RKSimon created this revision.Apr 29 2019, 5:48 AM
Herald added a project: Restricted Project. · View Herald TranscriptApr 29 2019, 5:48 AM

This sounds good for @llvm.masked.load, but not @llvm.masked.store.

As per https://www.agner.org/optimize/instruction_tables.pdf, even ryzen has crazy high costs for masked store, at ~30.
And that distinction seems consistent with other CPU's.

I'll rephrase - the masked load cost change looks good.

RKSimon updated this revision to Diff 202615.Jun 2 2019, 11:15 AM
RKSimon retitled this revision from [CostModel][X86] Reduce masked load/store AVX1/AVX2 costs to [CostModel][X86] Improve masked load/store AVX1/AVX2 costs.

Split the load/store cost multipliers - we can keep the x2 for loads, and I've uses x8 for stores, which tbh is a pretty vague median value between the AMD and Intel costs.

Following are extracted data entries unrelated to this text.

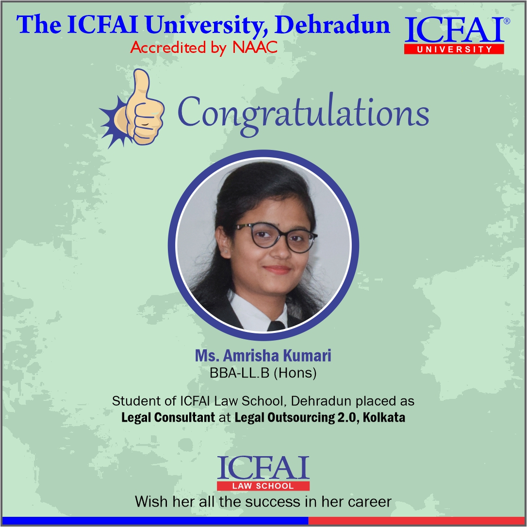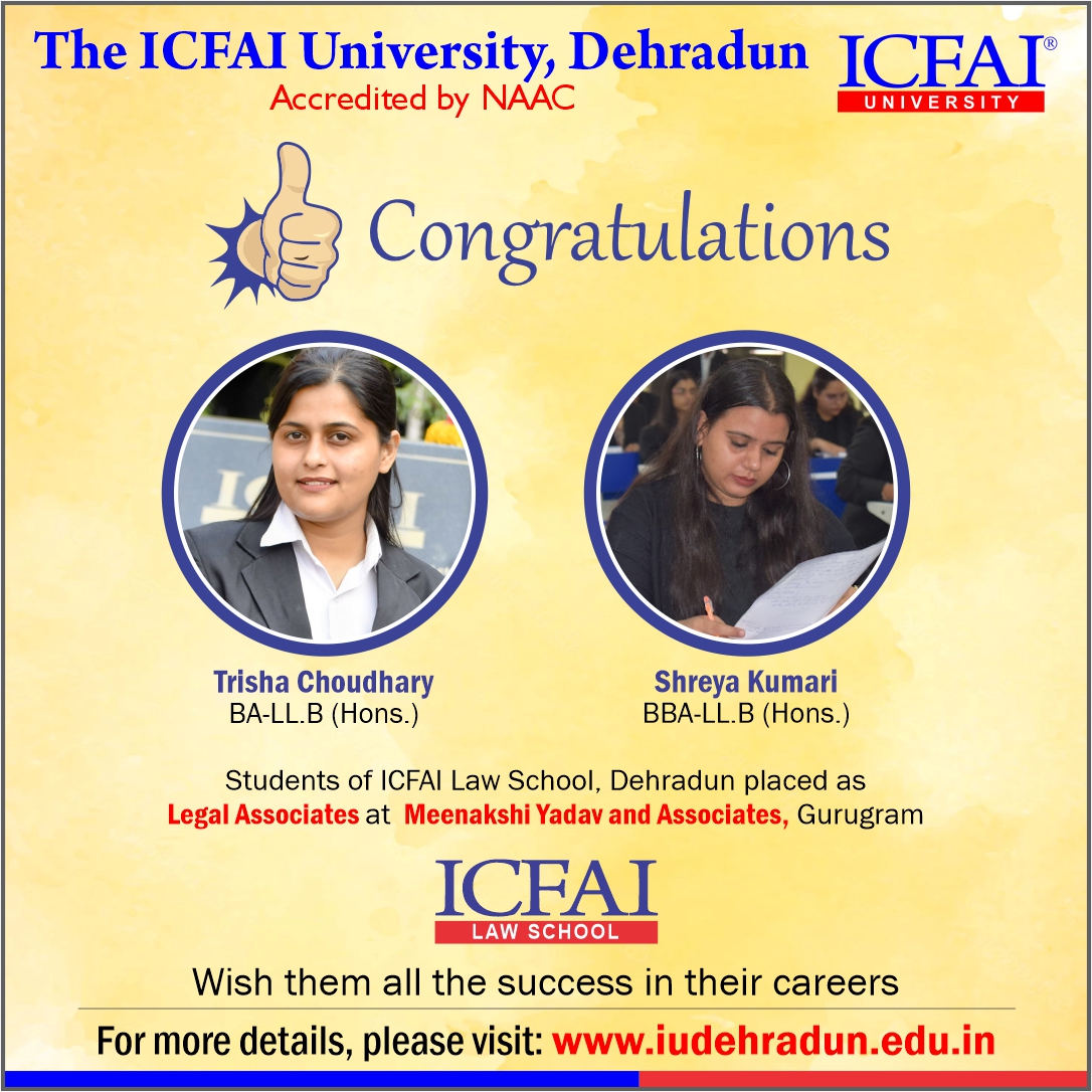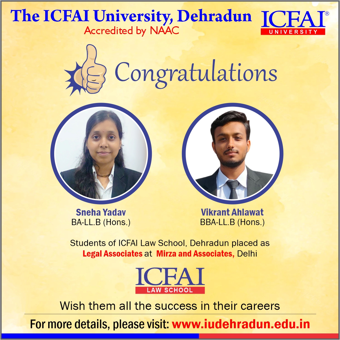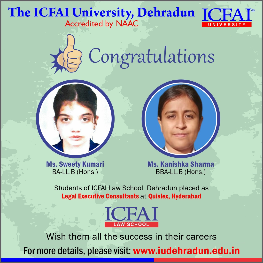 ICFAI Law School, Dehradun has a track record of more than 90% placements in all passed out batches so far.
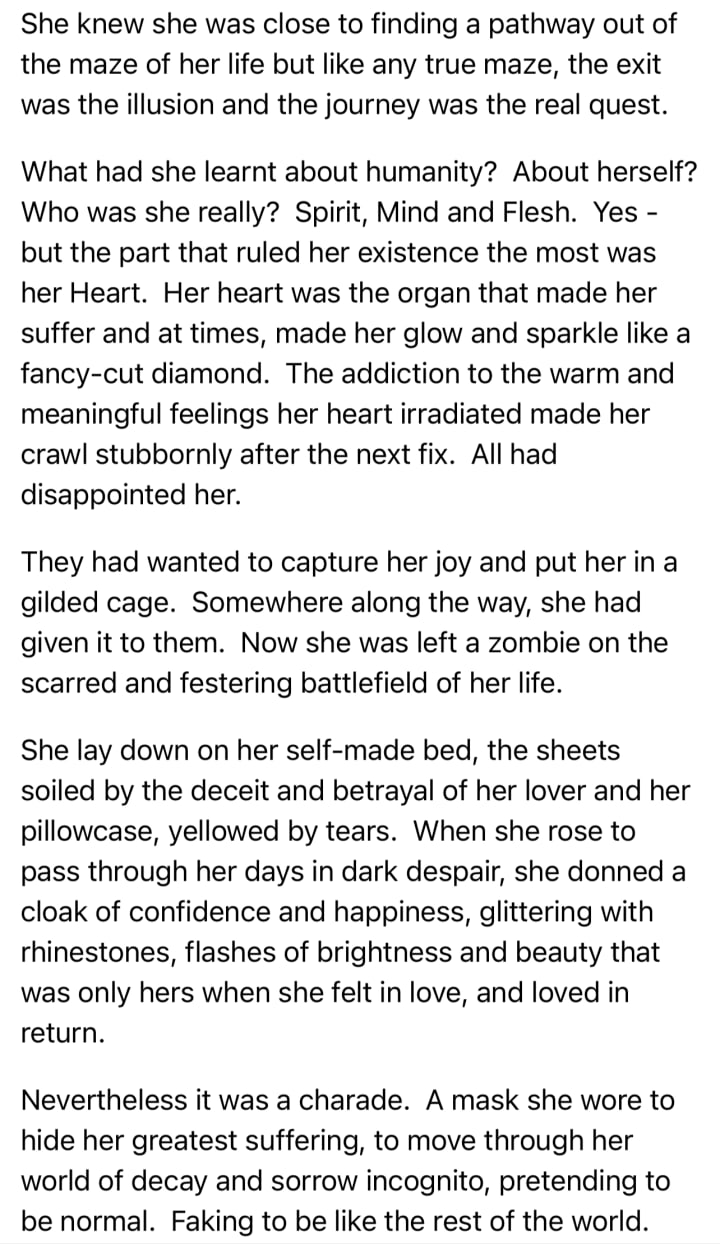 I write about my life experiences. I write about complex ptsd, the agonies, the angst and my post traumatic growth. About Beauty, Truth and Honour and little vignettes of comfort from the spirits that love me: living and dead. I also Dance!
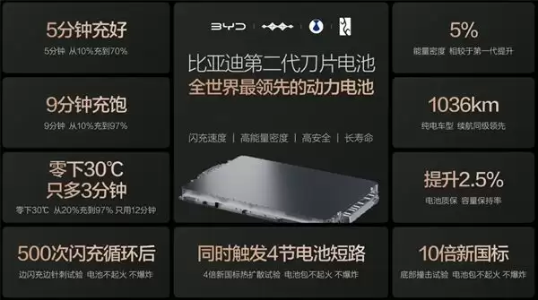 2026年3月,比亚迪发布第二代刀片电池及闪充技术,创下全球量产车最快充电速度纪录:常温下电量从10%充至70%仅需5分钟,从10%充至97%仅需9分钟;即便在零下30℃极寒环境,从20%充至97%也仅需12分钟,彻底解决了新能源汽车"充电慢、低温充电难"的行业痛点。

RKSimon edited the summary of this revision. (Show Details)Jun 2 2019, 11:17 AM
lebedev.ri accepted this revision.Jun 2 2019, 11:22 AM

Looks better overall.

This revision is now accepted and ready to land.Jun 2 2019, 11:22 AM
This revision was automatically updated to reflect the committed changes.